**Exercise**
Copy nothing but the lines below running from the line containing "Request Letter for" through the line containing "Thanh Inox SUS304", both end lines included.

**Source data**
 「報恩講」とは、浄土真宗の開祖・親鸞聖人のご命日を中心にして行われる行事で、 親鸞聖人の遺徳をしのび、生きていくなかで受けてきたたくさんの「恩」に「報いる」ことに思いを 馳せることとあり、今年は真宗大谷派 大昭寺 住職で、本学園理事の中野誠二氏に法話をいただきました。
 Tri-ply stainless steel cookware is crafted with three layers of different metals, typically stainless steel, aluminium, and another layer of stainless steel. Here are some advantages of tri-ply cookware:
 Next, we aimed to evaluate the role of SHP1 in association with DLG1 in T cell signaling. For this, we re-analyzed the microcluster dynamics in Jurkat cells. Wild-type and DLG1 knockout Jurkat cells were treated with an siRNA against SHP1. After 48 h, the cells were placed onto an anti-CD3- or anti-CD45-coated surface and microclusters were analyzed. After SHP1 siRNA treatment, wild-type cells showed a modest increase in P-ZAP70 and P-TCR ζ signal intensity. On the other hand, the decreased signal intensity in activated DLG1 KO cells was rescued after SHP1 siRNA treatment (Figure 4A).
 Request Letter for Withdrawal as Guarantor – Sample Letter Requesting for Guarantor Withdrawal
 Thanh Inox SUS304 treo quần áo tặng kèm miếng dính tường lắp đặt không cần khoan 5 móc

--

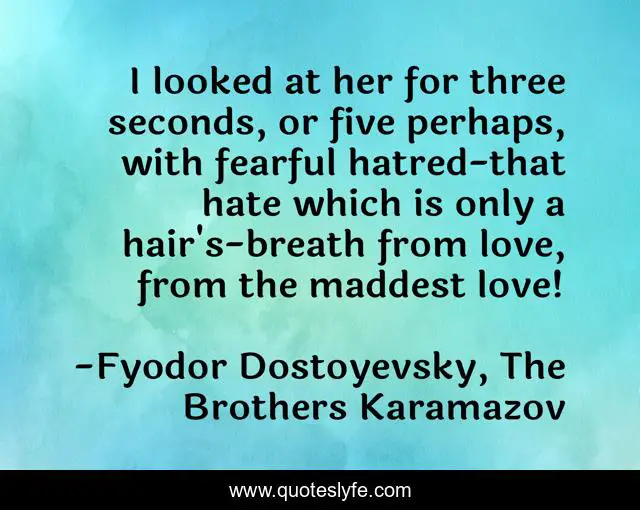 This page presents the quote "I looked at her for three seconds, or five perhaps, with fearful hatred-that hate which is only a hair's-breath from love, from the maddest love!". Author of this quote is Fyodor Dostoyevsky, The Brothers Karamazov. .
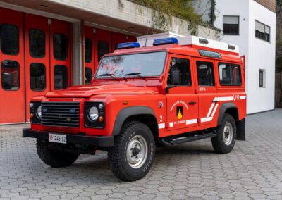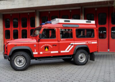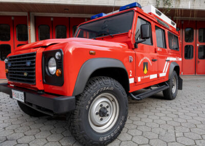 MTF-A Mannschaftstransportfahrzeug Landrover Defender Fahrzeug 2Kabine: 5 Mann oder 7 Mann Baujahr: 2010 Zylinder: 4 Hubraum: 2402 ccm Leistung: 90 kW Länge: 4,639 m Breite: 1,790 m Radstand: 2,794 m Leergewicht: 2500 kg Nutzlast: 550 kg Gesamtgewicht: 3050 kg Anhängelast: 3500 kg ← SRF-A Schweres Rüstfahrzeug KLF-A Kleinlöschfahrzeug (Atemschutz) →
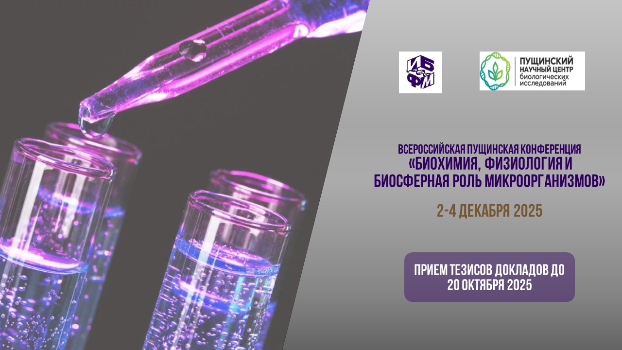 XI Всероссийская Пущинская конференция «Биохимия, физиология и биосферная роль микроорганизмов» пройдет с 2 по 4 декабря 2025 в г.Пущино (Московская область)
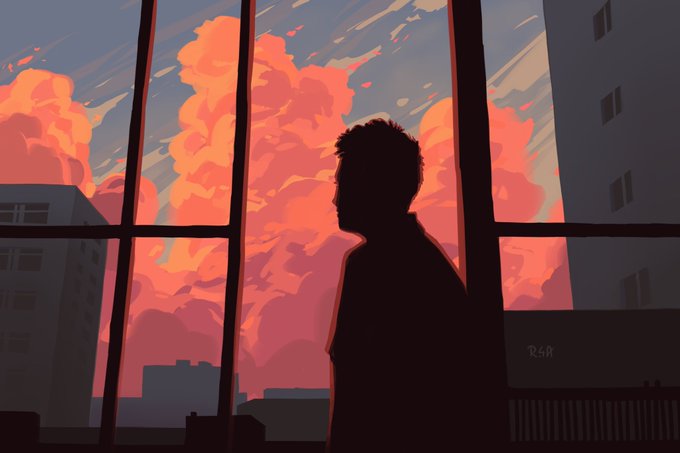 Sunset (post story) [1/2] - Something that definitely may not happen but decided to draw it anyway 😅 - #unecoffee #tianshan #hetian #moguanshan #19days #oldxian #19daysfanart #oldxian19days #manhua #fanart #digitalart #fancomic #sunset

**Problem solution**
 Request Letter for Withdrawal as Guarantor – Sample Letter Requesting for Guarantor Withdrawal
 Thanh Inox SUS304 treo quần áo tặng kèm miếng dính tường lắp đặt không cần khoan 5 móc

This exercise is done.